Nickel Creek, half of which is instrumental, showcases the trio’s immense technical mastery of string and voice. Thile’s dizzying mandolin licks and Sara’s flowing fiddling embellish tracks like “The Lighthouse’s Tale” and “When You Come Back Down.” The sometimes ecstatic, sometimes contemplative album feels like an acoustic odyssey.

With This Side, Nickel Creek left the heavily instrumental identity of their first album behind, featuring only the vocal-less “Smoothie Song” to tie the two albums together. On This Side, the band wanders deeper into alt-rock and pop influences with songs like their cover of Pavement’s “Spit on a Stranger” and “Green and Gray,” though they never forsake the newgrass twang of their first album.
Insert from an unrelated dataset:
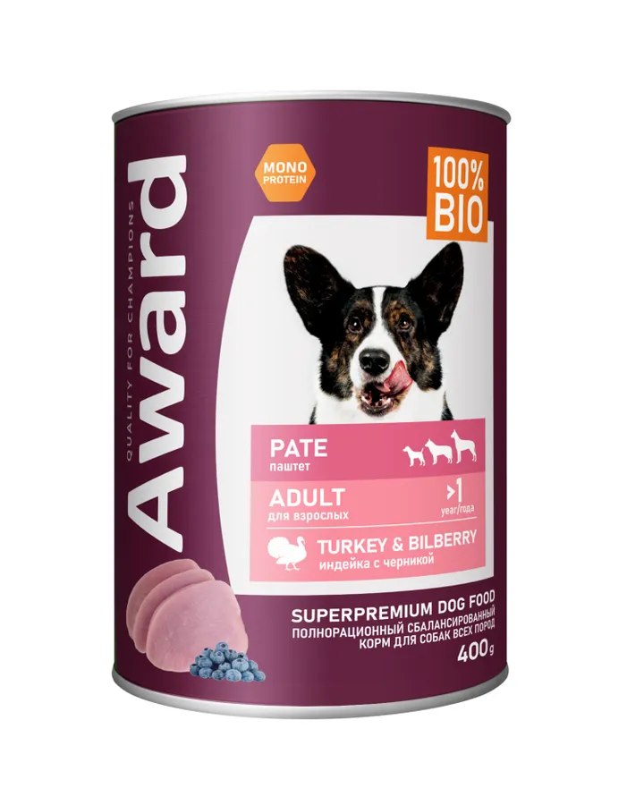 Корм для собак Award 400г паштет из индейки с черникой ж/бХороший влажный корм.

With the faithful and compelling cover of bluegrass staple “House Carpenter,” Nickel Creek proved themselves worthy guides to the future of newgrass. This Side further established the trio, winning a Grammy for “Best Contemporary Folk Album;” former winners include Bob Dylan and Bruce Springsteen.

Nickel Creek records under the Sugar Hill record label, whose artists include Willie Nelson and Dolly Parton. The label’s motto – “contemporary music with traditional roots” – perfectly suits Nickel Creek’s postmodern take on traditional bluegrass.

Most recently, Nickel Creek teamed up with Glen Phillips (Toad the Wet Sprocket) to form the Mutual Admiration Society (MAS). Together, they recorded and mixed their self-titled album in only six days. Nickel Creek provides the soundtrack for the vocal musings of songwriter Phillips.

Aside from Nickel Creek, Chris Thile and Sean Watkins both maintain successful solo projects. Thile recently released his fifth solo effort, Deceiver.

Pause Concert Chair Mary Henry ’06 hopes Nickel Creek will boost Lutefest’s attendance and galvanize the festival’s place among St. Olaf’s annual traditions. “We’re trying to start a new tradition by instilling Lutefest in the hearts of St. Olaf students,” she said.

Fellow newgrassers Trampled By Turtles and St. Olaf’s own Matt Johnson Band, which won St. Olaf ‘s 2004 “Battle of the Bands” will open for Nickel Creek. Four other campus bands will round out the schedule of performers for the day.

Rumors about the potential Lutefest appearances of Death Cab for Cutie and Cake may finally rest in peace – Nickel Creek reigns over this year’s Lutefest. “We want Lutefest to be even bigger and more exciting than last year,” Henry said. “We hope to set a mountaintop standard to continue from in future years.”